Common Issues & Troubleshooting
- Accuracy Drop: Compression may reduce accuracy. Use quantization-aware training, fine-tuning, or distillation to recover performance.
- Unsupported Operations: Some layers may not be supported by quantization/pruning libraries or edge runtimes. Check your model architecture and use supported layers.
- Export Errors: ONNX export may fail for custom layers. Implement custom ONNX operators or adjust your model.
- Device Compatibility: Ensure the edge device supports the chosen runtime (e.g., TFLite, ONNX Runtime) and quantized models.

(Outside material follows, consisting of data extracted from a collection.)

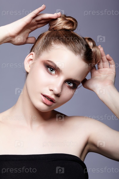 Портрет молодой девушки-подростка с дневным макияжем и прической в виде пучка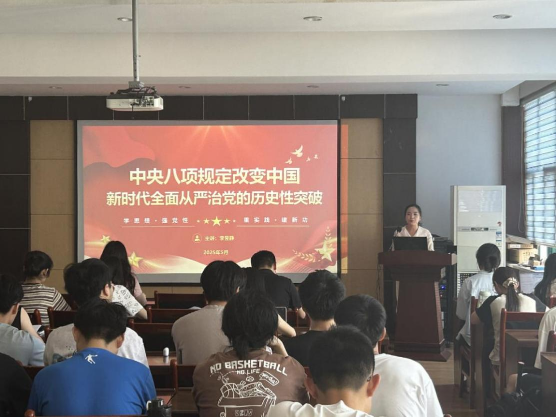 党委副书记李昱静为师生作中央八项规定精神学习教育专题辅导报告,学院60余名本科生发展对象及党员同期参加党课学习。
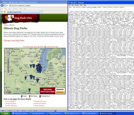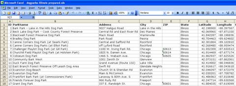 For all 51 Illinois dog parks, I copy and paste seven separate text strings (name, city, longitude, latitude, etc.) into an Excel file, making sure that each piece of data is in its own column.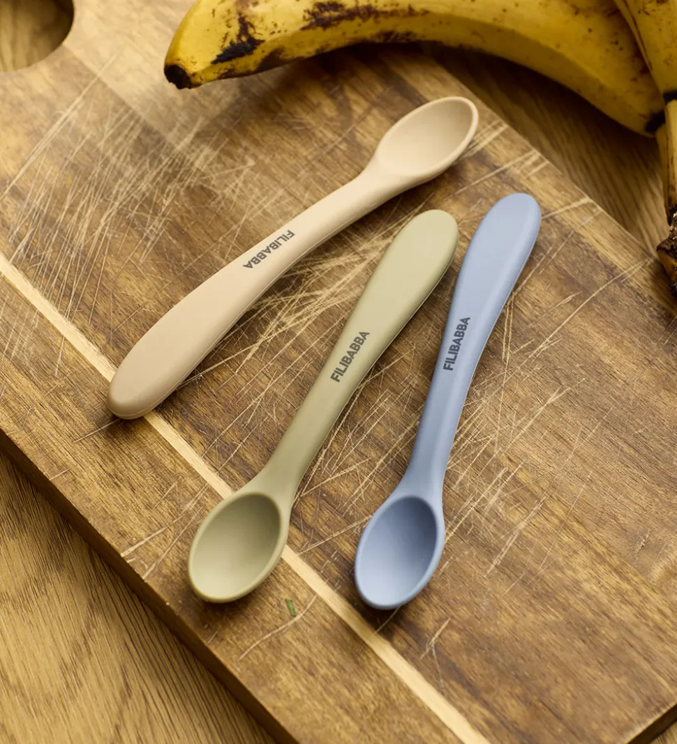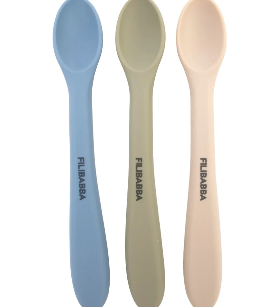 Smarte Filibabba skeer solgt i en 3-pak i beige, grøn og blå med logo på hver ske. Skeerne har et skaft som er let at holde om og et lille skehoved. Skeerne er fremstillet af silikone, så de er behagelige at få i munden.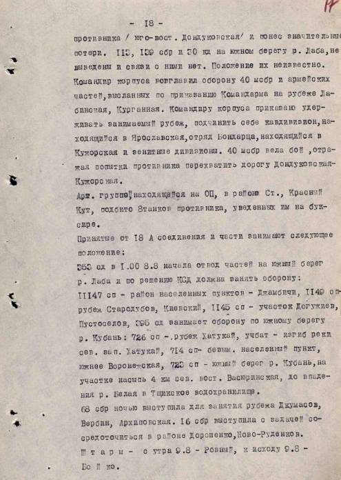 А теперь уважаемый читатель я впервые хочу вам предоставить редкую возможность самому ознакомится с уникальным документом «Журналом БД 18 Армии РККА» которая обороняла и Усть-Лабинск и защищала г. Краснодар.

- Inference Speed: Not all hardware accelerates quantized or pruned models equally. Test performance on your target device.
Next Steps
- Experiment with more aggressive pruning/quantization settings and measure the trade-off between size, speed, and accuracy.

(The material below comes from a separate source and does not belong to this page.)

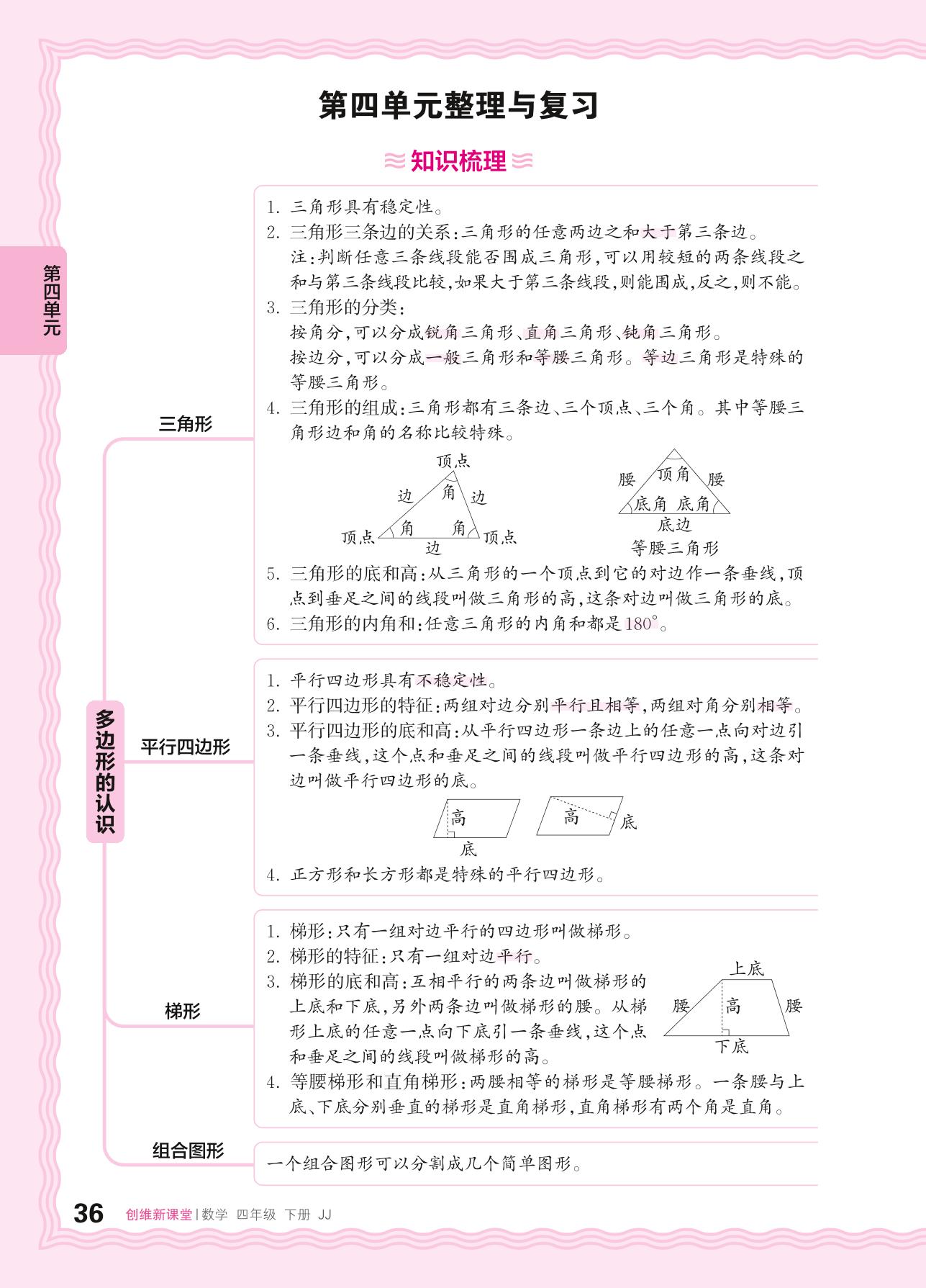 2024春下册四年级数学冀教版 第四单元整理与复习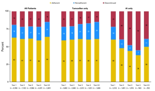 研究数据显示,很大比例的女性患者没有坚持辅助内分泌治疗;70%的女性在5年内有最佳的依从性,极端年龄组和改变AET用药与不依从轨迹相关;4%的女性遵循了“持续欠佳的依从性”轨迹,这在此前文献中未被发现。

- Explore model architecture search for even smaller, edge-optimized models (e.g., MobileNet, EfficientNet-Lite).
- Automate your compression workflow with scripts or CI pipelines for reproducibility.
- Keep up-to-date with the latest research and hardware support for edge AI deployment.
By applying these AI model compression techniques, you can unlock efficient, real-world AI applications on resource-constrained edge devices, delivering smarter user experiences everywhere.